### Data for this exercise:
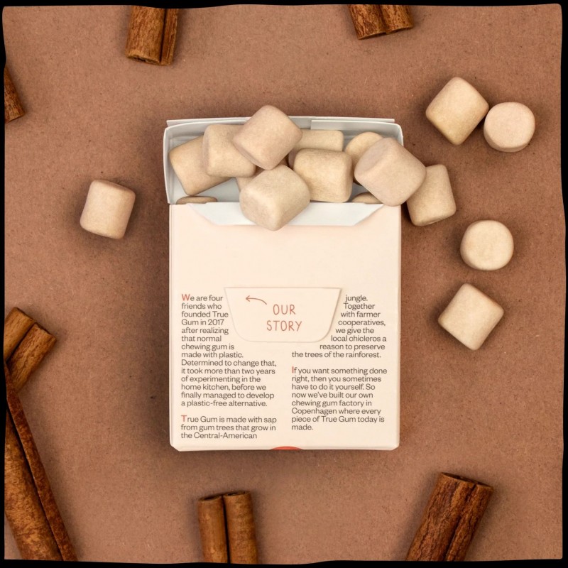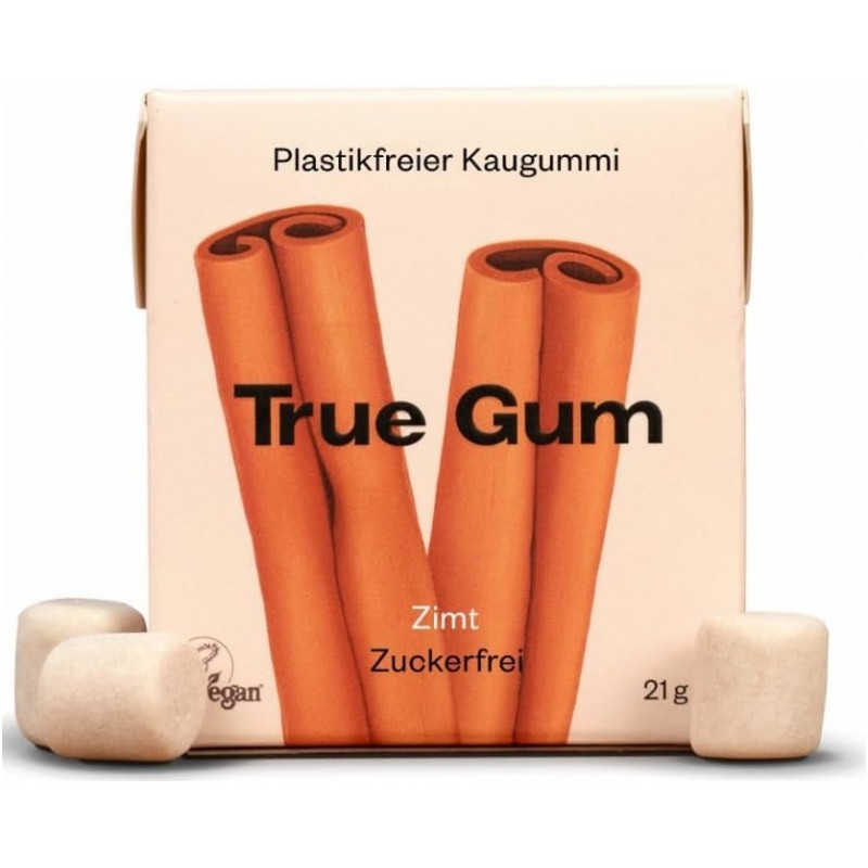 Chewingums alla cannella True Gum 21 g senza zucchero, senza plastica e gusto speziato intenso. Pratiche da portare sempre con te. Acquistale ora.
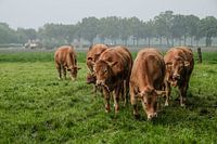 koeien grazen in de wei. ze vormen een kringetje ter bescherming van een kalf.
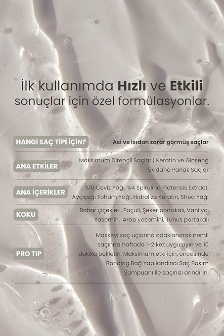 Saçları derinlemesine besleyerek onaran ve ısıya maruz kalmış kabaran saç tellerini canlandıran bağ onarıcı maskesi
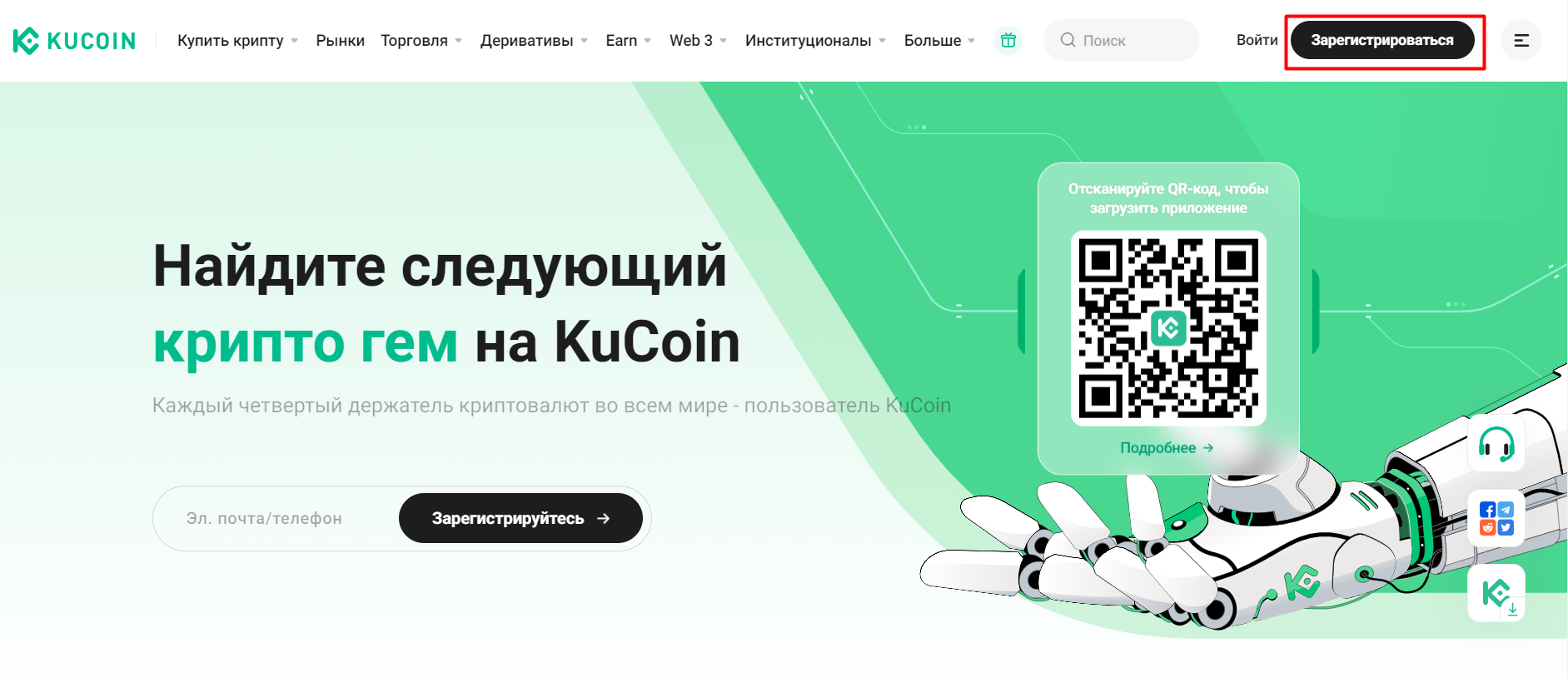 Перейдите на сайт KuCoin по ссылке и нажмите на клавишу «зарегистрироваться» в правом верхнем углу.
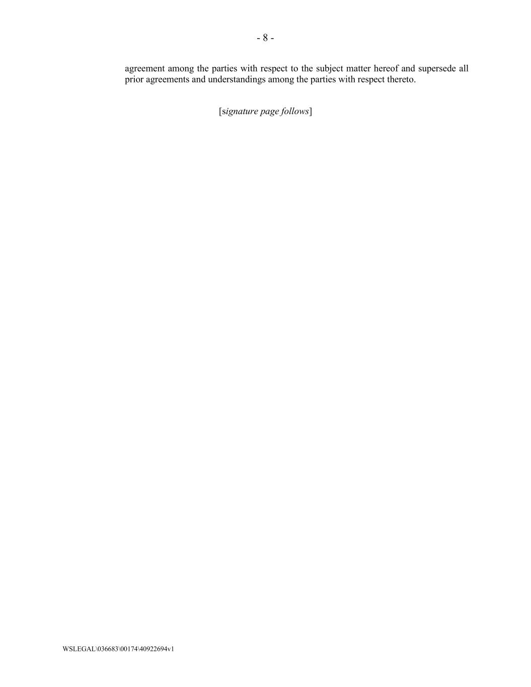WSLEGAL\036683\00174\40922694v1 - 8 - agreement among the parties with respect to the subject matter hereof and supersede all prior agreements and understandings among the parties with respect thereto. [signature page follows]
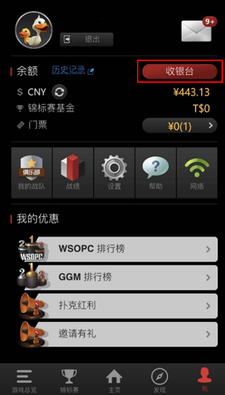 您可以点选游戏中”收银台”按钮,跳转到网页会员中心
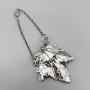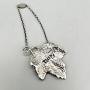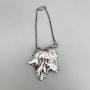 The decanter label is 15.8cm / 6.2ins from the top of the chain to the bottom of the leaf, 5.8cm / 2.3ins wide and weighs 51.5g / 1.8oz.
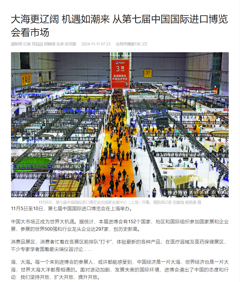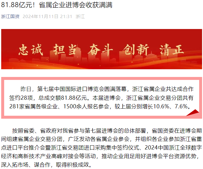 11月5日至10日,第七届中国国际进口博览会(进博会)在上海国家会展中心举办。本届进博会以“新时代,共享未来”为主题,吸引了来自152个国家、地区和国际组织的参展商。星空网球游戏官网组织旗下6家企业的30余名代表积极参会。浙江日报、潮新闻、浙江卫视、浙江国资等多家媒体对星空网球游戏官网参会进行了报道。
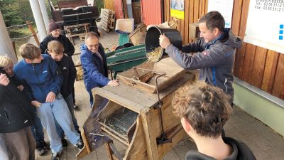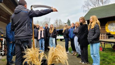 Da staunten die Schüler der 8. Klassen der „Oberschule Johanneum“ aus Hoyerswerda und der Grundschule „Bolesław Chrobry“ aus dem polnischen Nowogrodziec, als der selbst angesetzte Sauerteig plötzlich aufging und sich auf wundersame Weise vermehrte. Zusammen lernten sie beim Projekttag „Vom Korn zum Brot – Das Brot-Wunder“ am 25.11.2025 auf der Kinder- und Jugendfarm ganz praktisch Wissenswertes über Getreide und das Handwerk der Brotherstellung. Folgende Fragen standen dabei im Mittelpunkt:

* * *

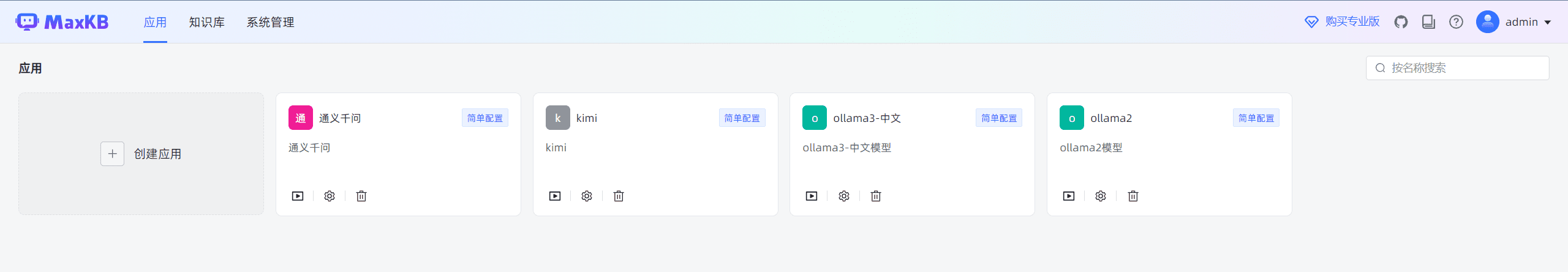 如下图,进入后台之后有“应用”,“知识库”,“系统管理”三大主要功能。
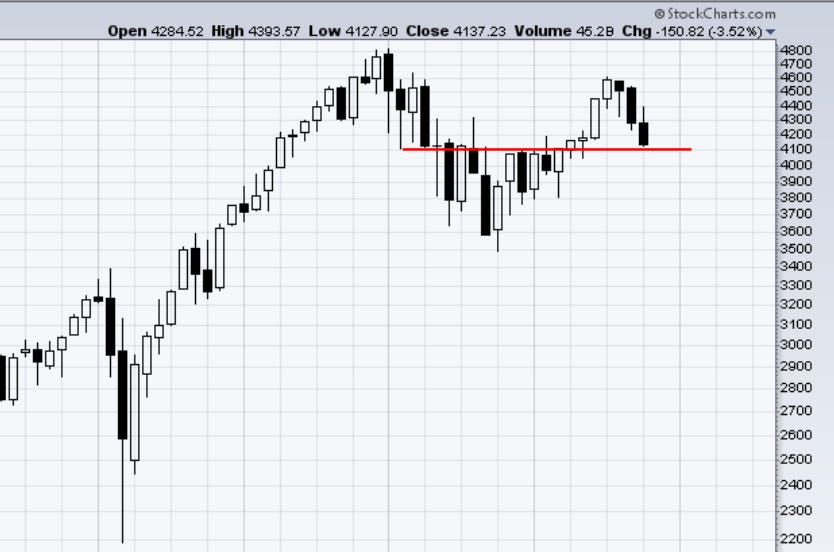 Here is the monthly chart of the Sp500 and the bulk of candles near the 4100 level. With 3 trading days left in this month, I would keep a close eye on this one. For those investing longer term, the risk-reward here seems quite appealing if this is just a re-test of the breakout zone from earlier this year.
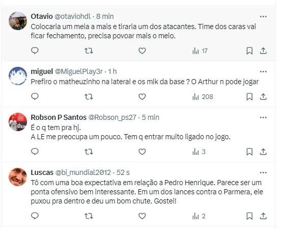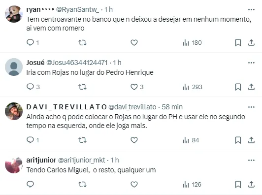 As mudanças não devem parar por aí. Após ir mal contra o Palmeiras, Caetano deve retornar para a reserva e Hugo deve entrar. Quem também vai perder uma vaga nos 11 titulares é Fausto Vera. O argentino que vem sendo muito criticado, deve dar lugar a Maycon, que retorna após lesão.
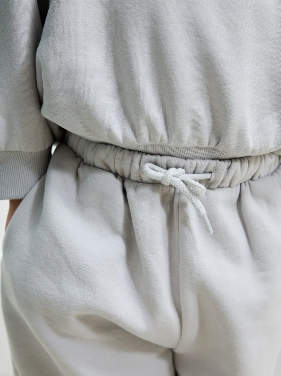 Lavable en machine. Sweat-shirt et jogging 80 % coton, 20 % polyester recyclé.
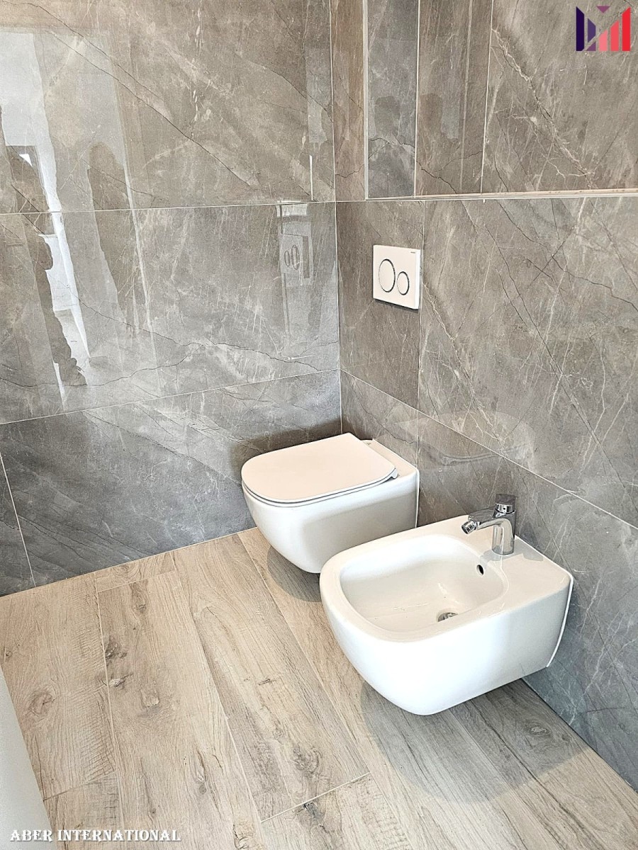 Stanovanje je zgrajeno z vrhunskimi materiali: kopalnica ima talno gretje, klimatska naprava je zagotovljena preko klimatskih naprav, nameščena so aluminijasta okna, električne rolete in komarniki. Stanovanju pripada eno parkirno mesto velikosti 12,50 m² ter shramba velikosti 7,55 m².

### Task description:
The response must repeat exactly the lines above from the one with "Chewingums alla cannella" through the one with "Da staunten die", including both, and must contain no pictures and no other text.

### Answer to the problem:
 Chewingums alla cannella True Gum 21 g senza zucchero, senza plastica e gusto speziato intenso. Pratiche da portare sempre con te. Acquistale ora.
 koeien grazen in de wei. ze vormen een kringetje ter bescherming van een kalf.
 Saçları derinlemesine besleyerek onaran ve ısıya maruz kalmış kabaran saç tellerini canlandıran bağ onarıcı maskesi
 Перейдите на сайт KuCoin по ссылке и нажмите на клавишу «зарегистрироваться» в правом верхнем углу.
WSLEGAL\036683\00174\40922694v1 - 8 - agreement among the parties with respect to the subject matter hereof and supersede all prior agreements and understandings among the parties with respect thereto. [signature page follows]
 您可以点选游戏中”收银台”按钮,跳转到网页会员中心
 The decanter label is 15.8cm / 6.2ins from the top of the chain to the bottom of the leaf, 5.8cm / 2.3ins wide and weighs 51.5g / 1.8oz.
 11月5日至10日,第七届中国国际进口博览会(进博会)在上海国家会展中心举办。本届进博会以“新时代,共享未来”为主题,吸引了来自152个国家、地区和国际组织的参展商。星空网球游戏官网组织旗下6家企业的30余名代表积极参会。浙江日报、潮新闻、浙江卫视、浙江国资等多家媒体对星空网球游戏官网参会进行了报道。
 Da staunten die Schüler der 8. Klassen der „Oberschule Johanneum“ aus Hoyerswerda und der Grundschule „Bolesław Chrobry“ aus dem polnischen Nowogrodziec, als der selbst angesetzte Sauerteig plötzlich aufging und sich auf wundersame Weise vermehrte. Zusammen lernten sie beim Projekttag „Vom Korn zum Brot – Das Brot-Wunder“ am 25.11.2025 auf der Kinder- und Jugendfarm ganz praktisch Wissenswertes über Getreide und das Handwerk der Brotherstellung. Folgende Fragen standen dabei im Mittelpunkt:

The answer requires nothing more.